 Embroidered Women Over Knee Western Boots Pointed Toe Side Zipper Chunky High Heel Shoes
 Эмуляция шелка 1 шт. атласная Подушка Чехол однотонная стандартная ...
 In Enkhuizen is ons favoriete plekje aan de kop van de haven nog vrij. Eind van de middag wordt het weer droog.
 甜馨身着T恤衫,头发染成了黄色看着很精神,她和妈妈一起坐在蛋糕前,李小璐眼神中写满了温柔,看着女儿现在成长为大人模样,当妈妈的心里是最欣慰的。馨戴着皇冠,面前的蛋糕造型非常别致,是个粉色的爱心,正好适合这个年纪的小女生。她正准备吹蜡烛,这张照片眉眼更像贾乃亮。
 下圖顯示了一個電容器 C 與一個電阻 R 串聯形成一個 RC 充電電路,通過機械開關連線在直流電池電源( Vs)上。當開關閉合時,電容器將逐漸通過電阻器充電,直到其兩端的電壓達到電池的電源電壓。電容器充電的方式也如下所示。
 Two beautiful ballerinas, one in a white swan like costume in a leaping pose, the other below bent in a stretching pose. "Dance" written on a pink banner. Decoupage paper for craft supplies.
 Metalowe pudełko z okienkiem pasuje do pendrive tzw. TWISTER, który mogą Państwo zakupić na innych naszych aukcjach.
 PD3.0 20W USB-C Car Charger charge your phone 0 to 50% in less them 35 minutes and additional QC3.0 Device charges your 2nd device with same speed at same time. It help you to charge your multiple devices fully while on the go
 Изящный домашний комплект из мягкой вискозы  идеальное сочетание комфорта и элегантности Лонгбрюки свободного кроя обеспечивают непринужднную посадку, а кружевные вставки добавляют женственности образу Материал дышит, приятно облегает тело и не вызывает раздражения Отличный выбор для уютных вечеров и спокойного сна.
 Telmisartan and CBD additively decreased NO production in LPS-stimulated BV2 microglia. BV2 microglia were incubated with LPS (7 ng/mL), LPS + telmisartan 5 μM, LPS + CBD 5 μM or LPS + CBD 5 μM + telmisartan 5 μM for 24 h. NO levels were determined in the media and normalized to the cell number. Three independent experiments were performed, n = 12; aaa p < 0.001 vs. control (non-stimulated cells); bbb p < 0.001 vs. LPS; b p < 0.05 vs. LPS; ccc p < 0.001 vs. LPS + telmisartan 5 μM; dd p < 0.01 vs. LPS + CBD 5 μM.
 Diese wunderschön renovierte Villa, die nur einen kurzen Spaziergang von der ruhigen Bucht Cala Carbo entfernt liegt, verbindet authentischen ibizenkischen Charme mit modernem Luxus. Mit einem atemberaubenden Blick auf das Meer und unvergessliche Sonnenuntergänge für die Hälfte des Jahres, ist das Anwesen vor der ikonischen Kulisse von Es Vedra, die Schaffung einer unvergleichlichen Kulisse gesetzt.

◆ **WHAT THE TASK REQUIRES**: The answer should be a single number: how many lines in the records contain "with".

◆ **RESPONSE**: 2